== Information shown ==
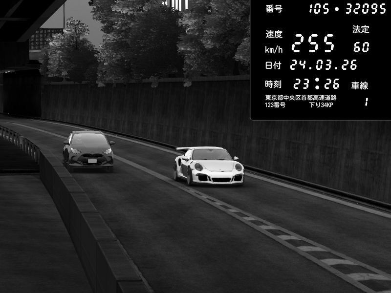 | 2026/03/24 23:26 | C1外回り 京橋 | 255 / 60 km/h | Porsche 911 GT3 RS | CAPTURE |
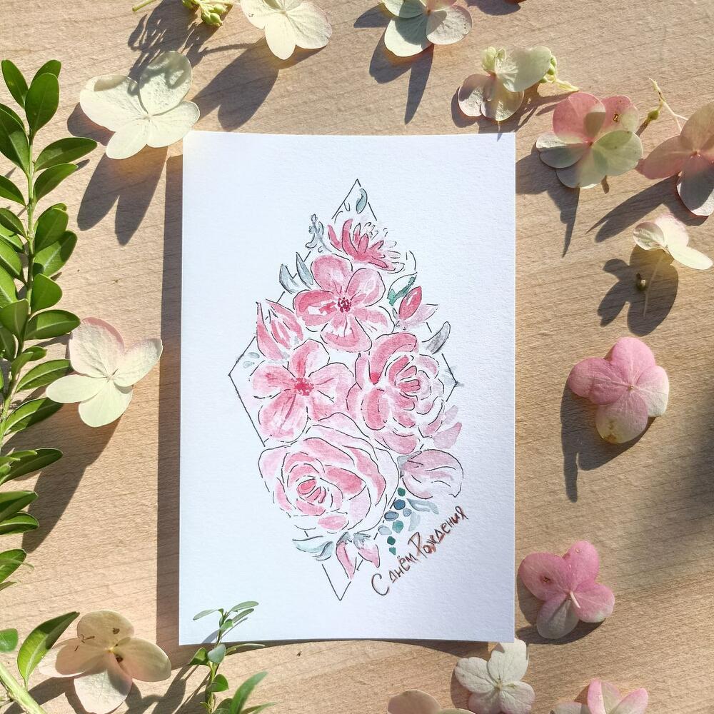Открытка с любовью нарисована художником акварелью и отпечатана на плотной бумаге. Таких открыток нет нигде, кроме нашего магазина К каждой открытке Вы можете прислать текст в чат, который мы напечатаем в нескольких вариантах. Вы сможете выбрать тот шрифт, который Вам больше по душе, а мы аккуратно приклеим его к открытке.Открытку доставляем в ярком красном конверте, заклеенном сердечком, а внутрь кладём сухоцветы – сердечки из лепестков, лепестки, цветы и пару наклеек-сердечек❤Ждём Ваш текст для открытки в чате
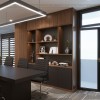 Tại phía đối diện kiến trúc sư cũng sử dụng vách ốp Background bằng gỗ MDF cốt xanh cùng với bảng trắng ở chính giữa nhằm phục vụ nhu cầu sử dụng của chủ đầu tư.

== Requirement ==
Print the material in full and exactly; the pictures must not be printed.

== Exercise answer ==
 | 2026/03/24 23:26 | C1外回り 京橋 | 255 / 60 km/h | Porsche 911 GT3 RS | CAPTURE |
Открытка с любовью нарисована художником акварелью и отпечатана на плотной бумаге. Таких открыток нет нигде, кроме нашего магазина К каждой открытке Вы можете прислать текст в чат, который мы напечатаем в нескольких вариантах. Вы сможете выбрать тот шрифт, который Вам больше по душе, а мы аккуратно приклеим его к открытке.Открытку доставляем в ярком красном конверте, заклеенном сердечком, а внутрь кладём сухоцветы – сердечки из лепестков, лепестки, цветы и пару наклеек-сердечек❤Ждём Ваш текст для открытки в чате
 Tại phía đối diện kiến trúc sư cũng sử dụng vách ốp Background bằng gỗ MDF cốt xanh cùng với bảng trắng ở chính giữa nhằm phục vụ nhu cầu sử dụng của chủ đầu tư.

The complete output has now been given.